▶ **Supplied entries**:
┌──

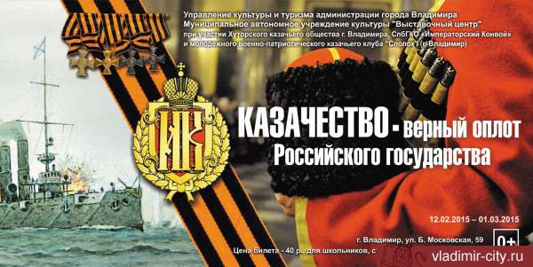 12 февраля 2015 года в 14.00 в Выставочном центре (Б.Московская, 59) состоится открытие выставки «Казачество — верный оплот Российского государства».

└──
┌──

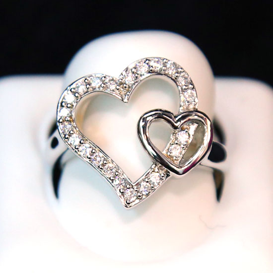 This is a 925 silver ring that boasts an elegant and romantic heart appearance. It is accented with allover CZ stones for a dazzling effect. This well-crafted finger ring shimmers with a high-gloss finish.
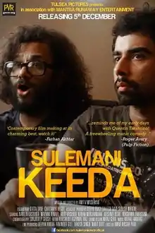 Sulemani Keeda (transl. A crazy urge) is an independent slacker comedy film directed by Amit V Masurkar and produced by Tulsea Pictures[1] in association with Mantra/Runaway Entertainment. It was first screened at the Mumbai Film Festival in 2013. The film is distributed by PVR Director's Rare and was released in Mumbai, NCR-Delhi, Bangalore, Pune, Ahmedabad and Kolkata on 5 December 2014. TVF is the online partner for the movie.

└──
┌──

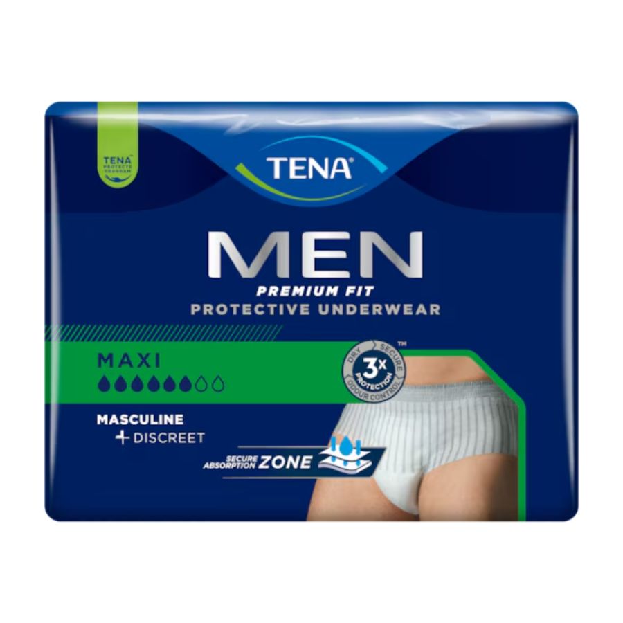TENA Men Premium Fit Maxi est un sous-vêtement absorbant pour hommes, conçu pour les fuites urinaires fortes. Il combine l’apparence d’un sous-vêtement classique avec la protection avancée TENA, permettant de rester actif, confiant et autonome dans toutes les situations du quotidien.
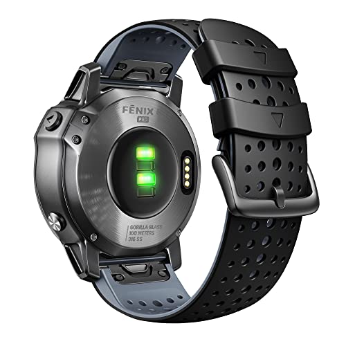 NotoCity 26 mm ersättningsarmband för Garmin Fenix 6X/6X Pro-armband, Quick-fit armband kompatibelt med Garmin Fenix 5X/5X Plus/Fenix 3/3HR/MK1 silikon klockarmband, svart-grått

└──

▶ **Exercise brief**: The lines above from the line with "TENA Men Premium" through the line with "NotoCity 26 mm" are to be given again word for word, with no pictures among them.

▶ **Solution to this task**:
TENA Men Premium Fit Maxi est un sous-vêtement absorbant pour hommes, conçu pour les fuites urinaires fortes. Il combine l’apparence d’un sous-vêtement classique avec la protection avancée TENA, permettant de rester actif, confiant et autonome dans toutes les situations du quotidien.
 NotoCity 26 mm ersättningsarmband för Garmin Fenix 6X/6X Pro-armband, Quick-fit armband kompatibelt med Garmin Fenix 5X/5X Plus/Fenix 3/3HR/MK1 silikon klockarmband, svart-grått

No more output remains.